Получив на конкурсе 8 мая 1865 г. вторую серебряную медаль за эскиз «Ангел смерти избивает всех новорожденных египтян» и тем самым удостоившись звания свободного художника, освобождавшего его, наконец, из податного состояния и из числа военных поселян, Репин принимается за жанровую картину, начатую еще летом предыдущего года. Она написана в течение лета 1865 г. в квартире Шевцовых и изображает комнату сыновей Шевцова. На заднем плане лежит на диване молодой человек. Спереди, перед окном, за столом, на котором видны грифельная доска и тетради, сидит другой юноша, посылающий воздушный поцелуй девушке, виднеющейся в окне противоположного дома. Обе фигуры юношей писаны с молодых Шевцовых.
Картина эта, вышиной в 38 и шириной в 46 см, была выставлена Репиным на академической выставке 1865 г. под названием «Приготовление к экзамену» (вместе с женским портретом А. Ф. С.). После долгого пребывания в неизвестности, она наконец попала, незадолго до революции, в Русский музей[121], где является драгоценным звеном и важным документом в творчестве мастера.

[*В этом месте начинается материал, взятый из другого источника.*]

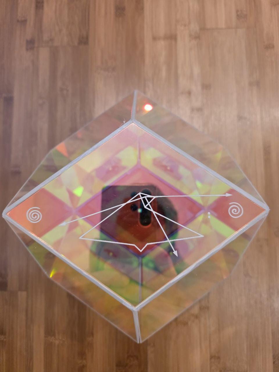 Acrylic prism lamp with stained maple hardwood trim.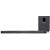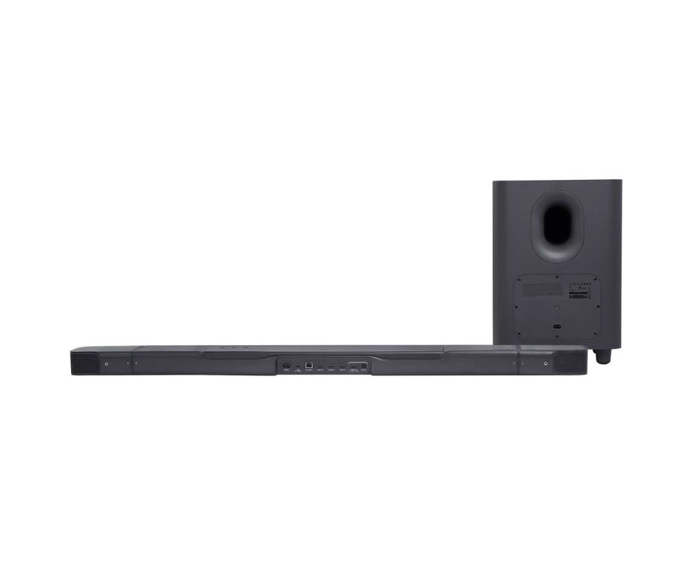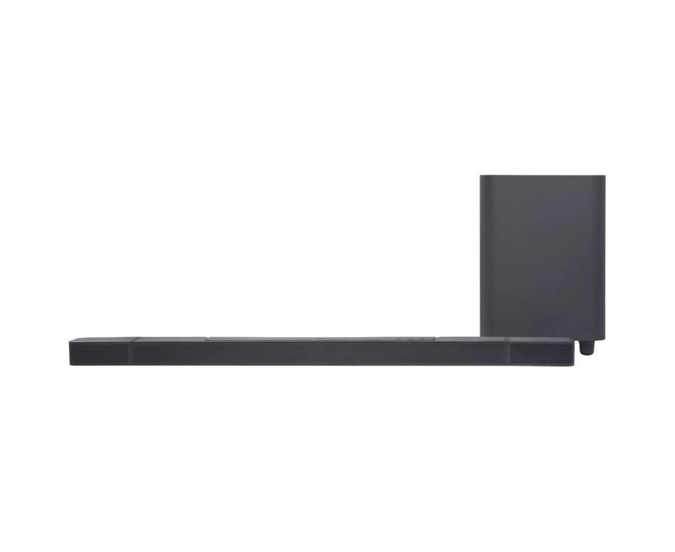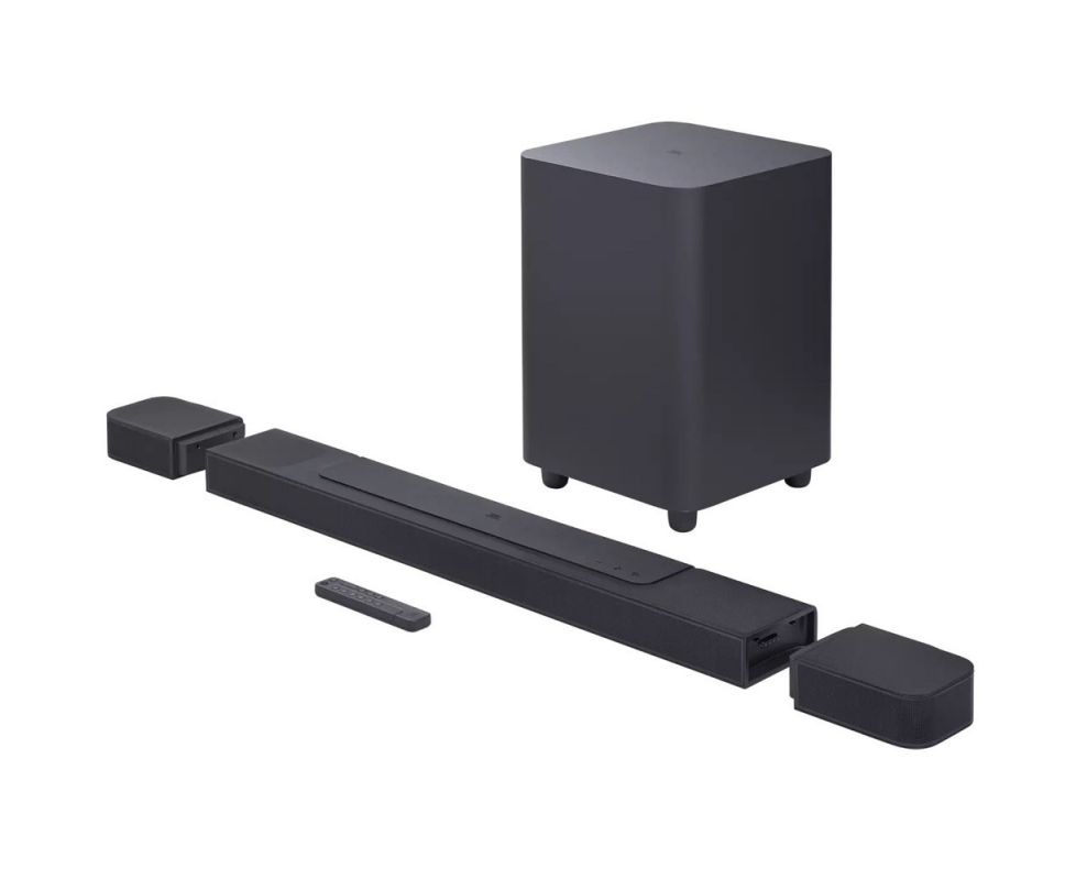 В топовую систему JBL Bar 1000 входит беспроводный сабвуфер с 400-ваттным усилителем и активный саундбар-«трансформер», который оснащается двумя сателлитами, присоединенными к правой и левой частям его корпуса с помощью магнитных креплений. Сателлиты можно «отстегнуть» от звуковой панели (крепления оснащены магнитами) и использовать в беспроводном режиме в тыловой зоне, что позволяет построить полноценную 9.1-канальную систему объемного звучания. Каждый из них оснащается встроенным усилителем и аккумулятором, рассчитанным на 10 часов работы, причем зарядить батарею можно при подсоединении к саундбару или же через порт Micro-USB сателлита.

Она вся написана с натуры, очень старательно и любовно. Выдержанная в духе тех милых, шутливых жанровых вещиц, которые стали появляться на академических выставках с 50-х годов и были подписаны никому не известными именами Чернышева, Андрея Попова, Цветкова, Мясоедова и др., картина Репина ясно обнаруживает его симпатии и в известном смысле истоки его искусства.